In terms of data structuring, we have built a corpus of millions of entries through three years of accumulation, continuously refining annotation and models. The F1 score for named entity recognition has reached 97.9%, achieving an industry-leading level. Based on the outcomes of data governance, we have explored numerous data applications in partner hospitals.


In the field of clinical research, we and our partner hospitals have identified several candidate biomarkers. A landmark academic paper is set to be published shortly, with us as direct participants in the study—a key distinction from other big data companies that are involved only in the preliminary data organization phase.

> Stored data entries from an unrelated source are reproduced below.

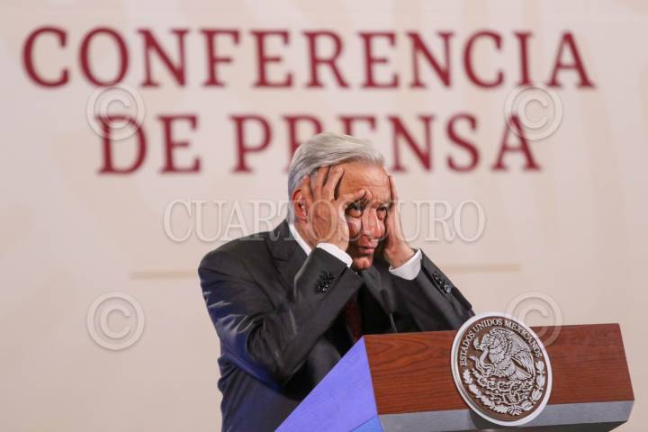 CIUDAD DE MÉXICO, 14AGOSTO2023.- Andrés Manuel López Obrador, Presidente de México, crítico la decisión de un ministro de la SCJN de suspender la distribución de los libros de texto gratuito de la SEP en el estado de Chihuahua, esto debido a una controversia promovida por la gobernadora de aquel estado. Lo acompañaron los gobernadores de Tabasco y Chiapas, Carlos Merino Campos y Rutilio Escandón, respectivamente. FOTO: MOISÉS PABLO/CUARTOSCURO.COM
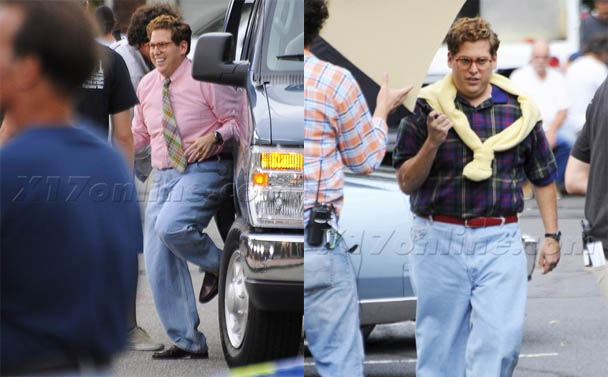 Here are a couple of photos of Jonah Hill on the set of Martin Scorcese's newest movie, The Wolf of Wall Street. Looking good, buddy! The movie stars Leonardo DiCaprio as Mr. Wolf (haha, I am not sure if this is true, but I will not be surprised if this is true) and here is a photo of him on the set of the same movie. So, even stevens! Just two good friends made to look almost identical in a movie. It's actually kind of hard to tell them apart! I bet some mornings Jonah Hill would walk into the makeup trailer and the makeup artist would start working and just making small talk and then about 20 minutes in she would be like "OMG, I am so sorry, I have been putting Leo's makeup on you for the past 20 minutes. Whoops! Well, I have to wash this all off and put on your makeup because your skin tone is just one grade different but almost identical, but Marty, I call him Marty, is such a pro that he will totally notice if I just let this slide. But obviously you can understand my confusion because you guys look exactly the same starting with the face and head and hair and glasses and teeth and continuing into the matching, handsome outfits. Oh well, I better get to work on fixing this even though if you ask me you do not even need any makeup because you look perfect. And can I just say that I'm so excited to see this movie, even though I am working on it? I am a Hollywood makeup artist, yes, but I am also just a fan, Mr. DiCaprio. Ahhh! I MEAN MR. HILL! Hahahah where is my head at today! Mama needs some coffee! Hahahahaha." I'm paraphrasing a little but something like that.
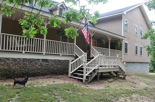 Custom built home with many extras. Split plan on the first floor with large master suite. Large addition that was designed to be a kitchen and great room with white spruce pine, and very open. Stairs lead to a huge loft that could be used for many things. Split bedroom plan upstairs with a bonus room that could be another bedroom. Very comfortable plan for a large family. Kitchen has solid oak cabinets with breakfast bar and breakfast area. Beautiful tile and hardwood floors. Rocking chair front porch, huge screen back porch that offers complete privacy. Large closets throughout. Attic storage is ample with one pull down and 3 walk-in's. 4 units which is very economical to maintain. Two outbuildings, 8 x 8, and 11 x 30. Fenced pasture, private setting.
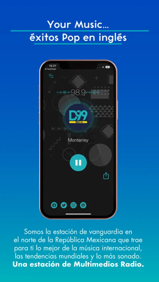 Somos la estación de vanguardia en el norte de la República Mexicana que trae para ti lo mejor de la música internacional, las tendencias mundiales y lo más sonado del rock, pop, dance, R&B y Hip-Hop. Solo éxitos comprobados. Transmitiendo desde Monterrey, México para el mundo entero. D99 - 98.9 FM. Una estación de Multimedios Radio.
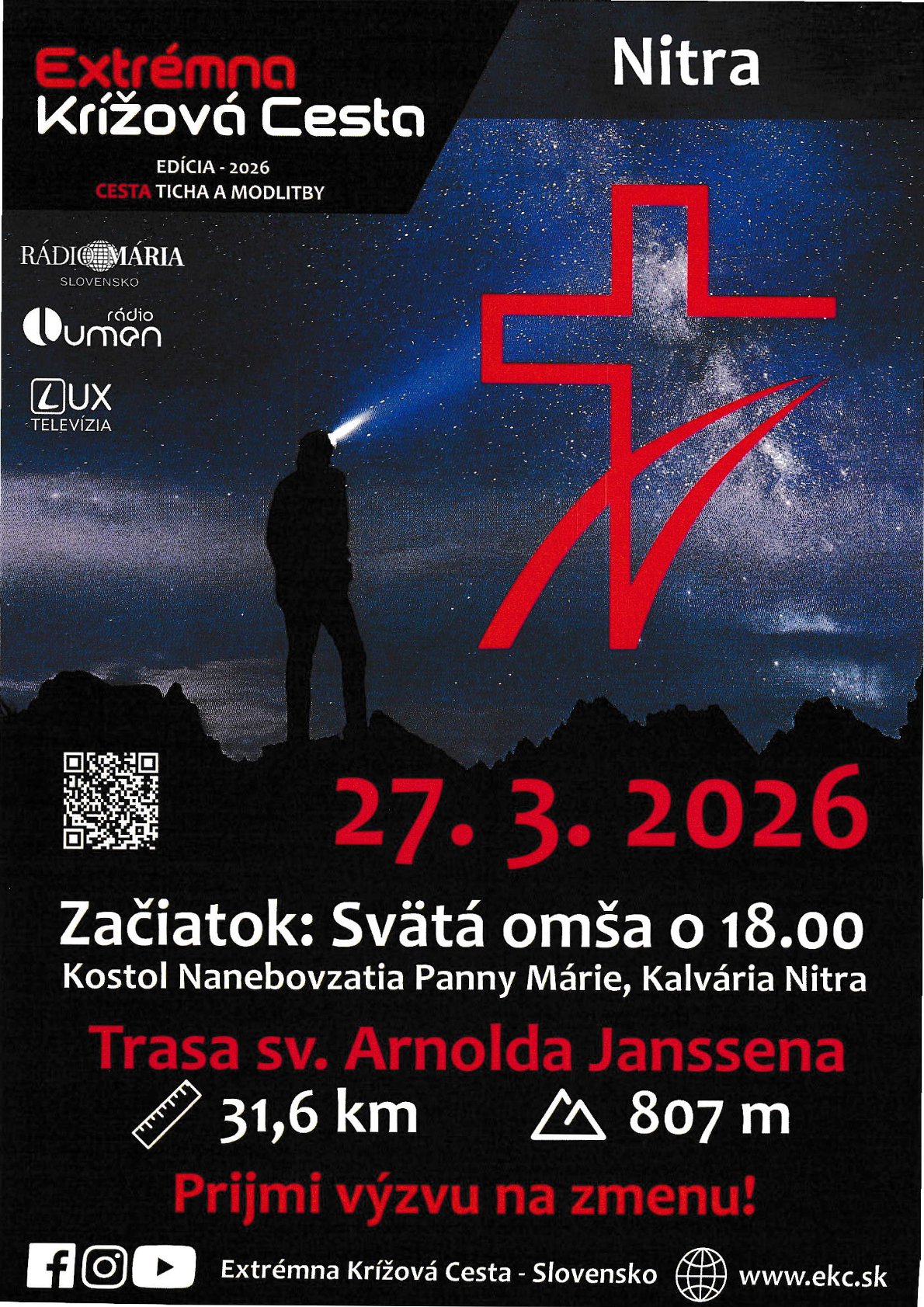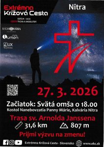 Pozývame záujemcov na celonočnú Extrémnu Krížovú cestu, ktorá sa uskutoční v piatok 27. marca 2026 v Nitre. Putovanie sa začne svätou omšou o 18,00 hod. v Kostole Nanebovzatia Panny Márie na Kalvárii. Odtiaľ trasa povedie cez Zobor a Podhorany ku Kostolu sv. Michala v Dražovciach, ďalej ku Kláštoru ružových sestier na Šindolke a bude ukončená opäť na Kalvárii v Nitre. Okruh má 30km a putuje sa individuálne, v tichu a za každého počasia. Extrémna Krížová cesta nie je o výkone. Je to priestor, kde sa Pán dotýka našich sŕdc – v tichu, námahe a dôvere. Ak cítite túžbu precítiť prítomnosť Otca a nájsť v tom silu v náročných chviľach, registrujte sa na ekb.sk. Registrácia je potrebná, aby sme mohli pre každého učastníka pripraviť podrobný itinerár, texty rozjímaní a ďalšie potrebné materiály.

We have also achieved exploratory results in clinical decision support and operational management. Leveraging the foundation of data governance, we can unlock substantial business value through big data applications. Of course, data application is not the endpoint of data governance; a robust data governance framework must be a closed-loop system characterized by continuous iteration. During the process of data analysis and application, numerous issues with existing data are inevitably uncovered. Through data applications, we can identify data quality problems originating from business systems, and then implement targeted data quality control measures by integrating intelligent technologies with management strategies.


Such a comprehensive data governance framework has already been implemented in many hospitals across China. We will continue to explore, constantly accumulate experience and lessons learned in data governance, pioneer the path for medical big data governance in China, and contribute our expertise to the industry. Only with solid and in-depth data governance can the applications of medical big data and artificial intelligence be truly realized.